Op is very recently bereaved & is probably still in shock .
I have lost a baby myself & then more recently,my eldest Dd ,I have my Ds with me still but I can assure you ,feeling lucky isn't one of the things I feel .

I'm so so sorry about your baby daughter @Bluebelltulip ,there are others on MN who know what you are going through & will support you if they can ,take each day at a time & don't put too much pressure on yourself Thanks

Pigletthedog · 28/01/2019 04:20

I'm so sorry for your loss @Bluebelltulip.

Just because you have another child does not mean your heart is less broken. You do not have to 'move on' or 'get over it'. Take every minute/hour/day as it comes and do what you need to do to survive. In a few weeks or months you will look back and wonder how you did it. I have messages on my phone from after I lost my son at 22 weeks that I responded to and yet have no memory of even receiving.

I remember all I wanted to was to get away, shut the world out. I couldn't because like you I have an older child who needed me.

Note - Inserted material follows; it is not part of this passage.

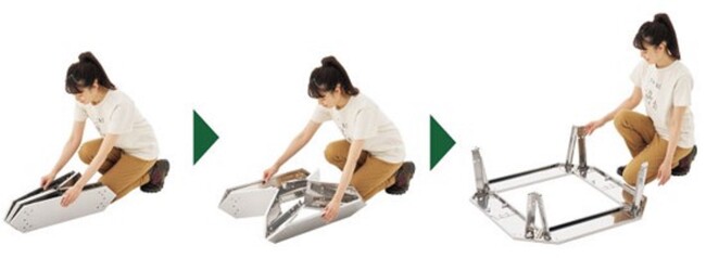 一瞬で開くワンアクション構造で、天板の連結や足の組み立ては一切不要。
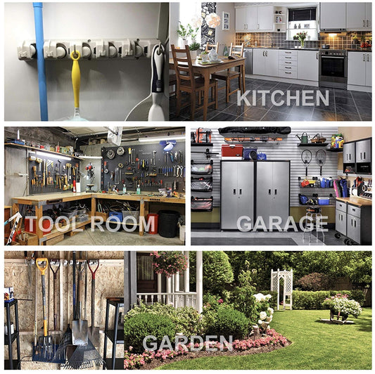 IMILLET 2 Pack Mop and Broom Holder, Wall Mounted Organizer Mop and Broom Storage Tool Rack with 5 Ball Slots and 6 Hooks (Black)

This was both a help and a hindrance. Take any help and support offered- don't feel guilty for allowing friends or family to look after your toddler so you can have time to yourself. People want to help. Let them.

Please, be kind to yourself, I echo pp and highly recommend Sands. As well as the forum they have a phone helpline and also should have a group local to you where you can go and be with people who understand the horrific overwhelming grief and horror of losing a child.